McCain’s stance on US social and economic issues was no better. Early on his corrupt nature was shown in his belonging to the notorious ‘Keating Five’, a circle of US Republican and Democratic politicians who promoted the commercial interests of millionaire Charles Keating Jr, Chairman of the Lincoln Savings and Loan Association. The Keating Five received a total of $1.3m in donations of which McCain got $112,000. McCain’s family reciprocated by investing $359,000 in a Keating-run shopping mall.

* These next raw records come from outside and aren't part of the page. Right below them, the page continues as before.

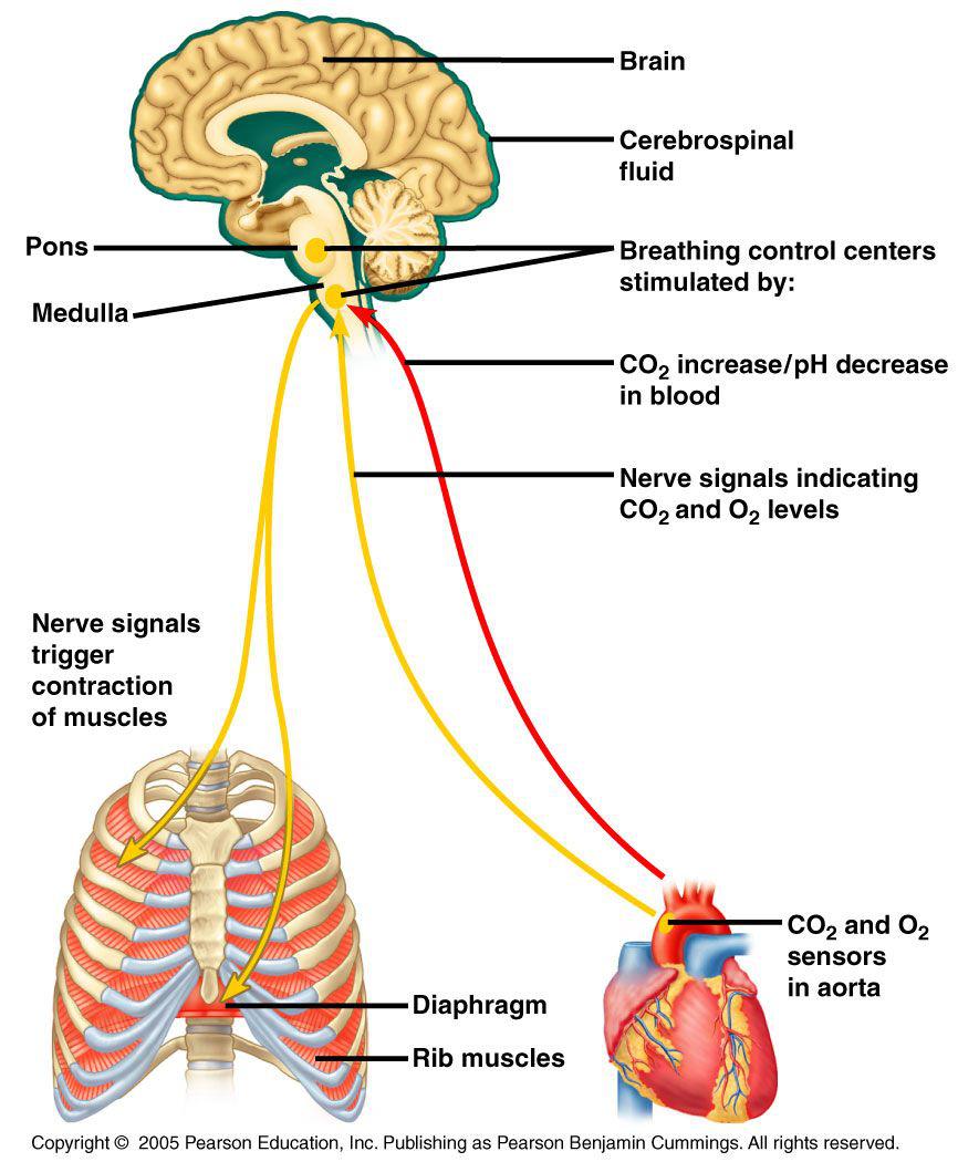 由于这一关键呼吸中枢的存在,无论是做各种各样的活动,还是在进行锻炼(甚至是剧烈的锻炼),抑或处于睡眠状态,呼吸始终是一项正常且非自主的行动。如果这一中枢因为事故或中风而受损,患者在没有人工换气的情况下可能会丧失生命。
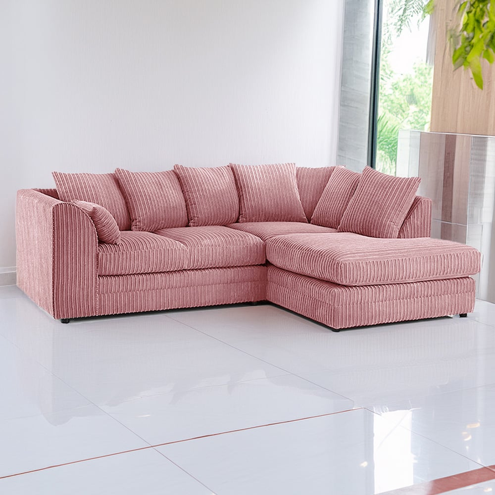Luxor 3 Seater Pink Jumbo Cord Right Hand Facing L Shaped Corner Sofa
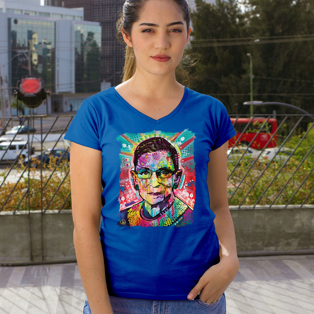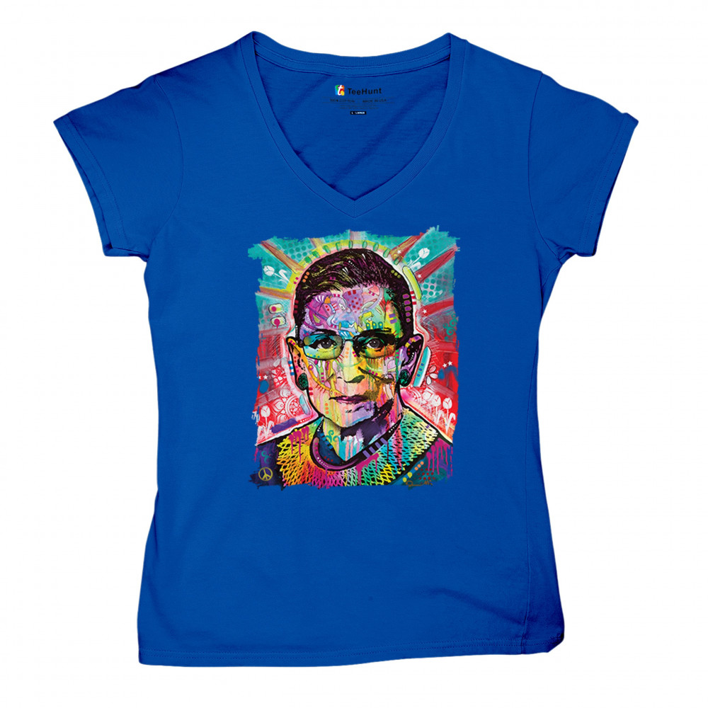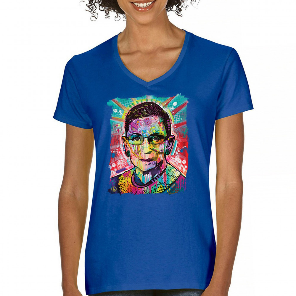DEAN RUSSO RUTH BADER GINSBURG women's v-neck t-shirt pop culture icon rbg tee royal blue
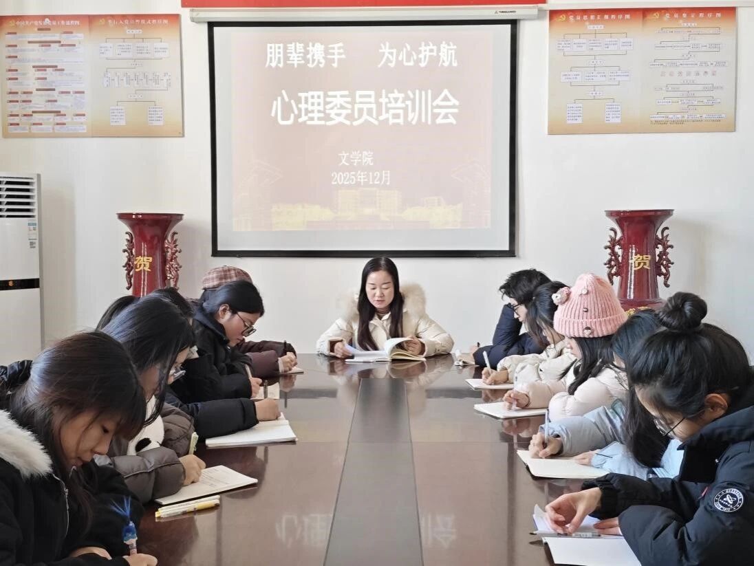 为充分发挥心理委员在学生群体中的朋辈支持作用,进一步筑牢学生心理安全防线,近期,文学院在1422会议室开展“朋辈携手,为心护航”心理委员专题培训会。全院班级心理委员及学生会心理健康部成员参与本次培训,培训由文学院组织员薛小品主讲。

In 2017, McCain supported the inegalitarian tax cuts pushed by Donald Trump’s presidency, this in a country where the top 0.1% own as much wealth as the bottom 90%. McCain consistently opposed comprehensive State funding for health care, and his collaboration with the Democrats in opposing Trump’s planned abolition of ‘Obamacare’ was based on his own local interests, not any principled stand.

McCain was an ambitious man, who never quite made it to the top. In 2000 he lost the Republican nomination to George Bush, as he couldn’t raise enough funds or support. In 2008 he finally won the Republicans’ backing as their official Presidential Candidate, only to lose to Barack Obama in the popular vote. Despite Obama’s betrayal of many of his supporters, the key reason for his first victory was a rejection of the wars, austerity and racism which McCain’s Republicans represented.